▶ [WHAT YOU NEED TO DO] The string "from" appears in some lines of the entries that follow; copy each such line.

▶ [DATA EXTRACTS]

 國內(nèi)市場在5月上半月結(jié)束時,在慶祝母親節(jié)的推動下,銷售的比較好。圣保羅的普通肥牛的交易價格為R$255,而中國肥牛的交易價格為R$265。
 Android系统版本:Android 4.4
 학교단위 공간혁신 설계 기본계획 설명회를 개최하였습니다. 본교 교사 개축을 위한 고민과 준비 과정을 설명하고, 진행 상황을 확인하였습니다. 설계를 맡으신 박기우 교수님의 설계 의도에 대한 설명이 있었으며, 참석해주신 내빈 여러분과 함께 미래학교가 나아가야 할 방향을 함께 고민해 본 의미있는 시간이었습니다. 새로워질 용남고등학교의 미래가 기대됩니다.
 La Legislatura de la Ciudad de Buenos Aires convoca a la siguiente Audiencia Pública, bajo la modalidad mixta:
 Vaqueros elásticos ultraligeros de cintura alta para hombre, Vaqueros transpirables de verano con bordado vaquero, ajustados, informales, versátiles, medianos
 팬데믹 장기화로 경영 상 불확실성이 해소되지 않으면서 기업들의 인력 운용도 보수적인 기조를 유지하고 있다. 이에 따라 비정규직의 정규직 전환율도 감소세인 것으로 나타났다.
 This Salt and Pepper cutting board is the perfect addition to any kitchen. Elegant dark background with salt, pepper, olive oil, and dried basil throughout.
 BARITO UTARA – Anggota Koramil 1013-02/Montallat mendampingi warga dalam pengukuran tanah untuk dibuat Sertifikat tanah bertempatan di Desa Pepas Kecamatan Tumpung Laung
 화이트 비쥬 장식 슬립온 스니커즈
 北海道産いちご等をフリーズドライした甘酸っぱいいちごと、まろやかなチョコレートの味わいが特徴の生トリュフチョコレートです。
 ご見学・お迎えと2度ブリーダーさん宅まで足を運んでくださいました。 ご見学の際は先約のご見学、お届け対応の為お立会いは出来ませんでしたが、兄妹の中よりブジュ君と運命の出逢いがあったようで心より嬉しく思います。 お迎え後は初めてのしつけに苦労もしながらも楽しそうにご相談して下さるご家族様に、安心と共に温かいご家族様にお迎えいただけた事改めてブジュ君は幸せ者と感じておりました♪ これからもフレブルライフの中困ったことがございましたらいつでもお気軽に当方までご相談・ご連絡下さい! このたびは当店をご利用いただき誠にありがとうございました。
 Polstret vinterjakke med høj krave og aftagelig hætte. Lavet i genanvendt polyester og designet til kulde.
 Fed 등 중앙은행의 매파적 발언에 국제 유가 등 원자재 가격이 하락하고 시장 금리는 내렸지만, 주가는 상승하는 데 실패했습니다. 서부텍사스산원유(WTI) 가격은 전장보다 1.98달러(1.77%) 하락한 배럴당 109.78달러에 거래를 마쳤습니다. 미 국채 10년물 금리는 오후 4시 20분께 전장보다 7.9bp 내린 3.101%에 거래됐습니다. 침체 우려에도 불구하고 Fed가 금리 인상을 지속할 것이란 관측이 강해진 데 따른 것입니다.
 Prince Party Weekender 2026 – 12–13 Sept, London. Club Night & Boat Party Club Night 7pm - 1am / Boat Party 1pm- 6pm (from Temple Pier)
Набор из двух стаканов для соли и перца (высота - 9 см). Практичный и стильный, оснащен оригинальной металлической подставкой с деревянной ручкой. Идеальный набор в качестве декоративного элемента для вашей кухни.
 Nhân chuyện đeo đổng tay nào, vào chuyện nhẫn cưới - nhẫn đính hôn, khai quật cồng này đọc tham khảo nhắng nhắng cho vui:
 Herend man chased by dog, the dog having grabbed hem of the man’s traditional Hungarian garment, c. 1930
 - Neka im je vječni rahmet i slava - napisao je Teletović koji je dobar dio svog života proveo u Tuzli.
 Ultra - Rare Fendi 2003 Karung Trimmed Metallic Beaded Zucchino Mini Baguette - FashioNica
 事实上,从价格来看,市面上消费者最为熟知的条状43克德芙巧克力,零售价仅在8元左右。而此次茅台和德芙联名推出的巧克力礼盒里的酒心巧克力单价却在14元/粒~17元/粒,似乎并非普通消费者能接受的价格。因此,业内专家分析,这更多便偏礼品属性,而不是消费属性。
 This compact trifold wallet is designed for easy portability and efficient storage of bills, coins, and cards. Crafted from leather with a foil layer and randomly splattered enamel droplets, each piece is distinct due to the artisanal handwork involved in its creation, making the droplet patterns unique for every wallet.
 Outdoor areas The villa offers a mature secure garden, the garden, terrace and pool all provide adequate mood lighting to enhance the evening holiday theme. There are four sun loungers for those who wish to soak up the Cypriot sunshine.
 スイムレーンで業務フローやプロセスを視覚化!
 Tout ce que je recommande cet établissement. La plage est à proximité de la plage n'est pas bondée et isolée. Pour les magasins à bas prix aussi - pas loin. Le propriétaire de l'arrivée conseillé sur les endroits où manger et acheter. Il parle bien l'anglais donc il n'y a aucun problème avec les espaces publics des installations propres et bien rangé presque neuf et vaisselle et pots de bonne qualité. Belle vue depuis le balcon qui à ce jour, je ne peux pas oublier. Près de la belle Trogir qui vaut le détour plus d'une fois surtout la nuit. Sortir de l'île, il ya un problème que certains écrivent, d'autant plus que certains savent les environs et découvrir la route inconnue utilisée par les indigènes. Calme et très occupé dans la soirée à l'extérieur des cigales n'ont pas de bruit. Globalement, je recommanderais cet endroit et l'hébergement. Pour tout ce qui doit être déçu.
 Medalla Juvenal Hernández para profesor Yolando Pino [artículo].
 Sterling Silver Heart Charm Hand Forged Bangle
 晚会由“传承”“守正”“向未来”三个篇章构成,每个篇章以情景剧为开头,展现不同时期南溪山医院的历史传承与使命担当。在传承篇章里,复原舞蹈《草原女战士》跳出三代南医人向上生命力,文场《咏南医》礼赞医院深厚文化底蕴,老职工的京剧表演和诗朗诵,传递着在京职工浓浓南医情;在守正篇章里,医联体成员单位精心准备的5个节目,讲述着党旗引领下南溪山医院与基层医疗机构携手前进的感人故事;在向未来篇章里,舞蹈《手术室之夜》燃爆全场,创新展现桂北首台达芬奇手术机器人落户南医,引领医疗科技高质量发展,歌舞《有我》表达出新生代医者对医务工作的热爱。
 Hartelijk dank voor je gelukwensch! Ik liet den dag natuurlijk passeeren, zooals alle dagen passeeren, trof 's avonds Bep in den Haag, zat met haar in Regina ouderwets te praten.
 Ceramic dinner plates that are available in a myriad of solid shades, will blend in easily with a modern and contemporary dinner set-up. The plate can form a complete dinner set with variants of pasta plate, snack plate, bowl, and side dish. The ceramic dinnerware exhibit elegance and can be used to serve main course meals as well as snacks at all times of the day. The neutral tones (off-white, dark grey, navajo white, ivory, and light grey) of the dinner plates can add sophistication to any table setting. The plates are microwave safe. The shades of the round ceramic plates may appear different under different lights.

▶ [ANSWER FOR THIS EXERCISE]
 Prince Party Weekender 2026 – 12–13 Sept, London. Club Night & Boat Party Club Night 7pm - 1am / Boat Party 1pm- 6pm (from Temple Pier)
 This compact trifold wallet is designed for easy portability and efficient storage of bills, coins, and cards. Crafted from leather with a foil layer and randomly splattered enamel droplets, each piece is distinct due to the artisanal handwork involved in its creation, making the droplet patterns unique for every wallet.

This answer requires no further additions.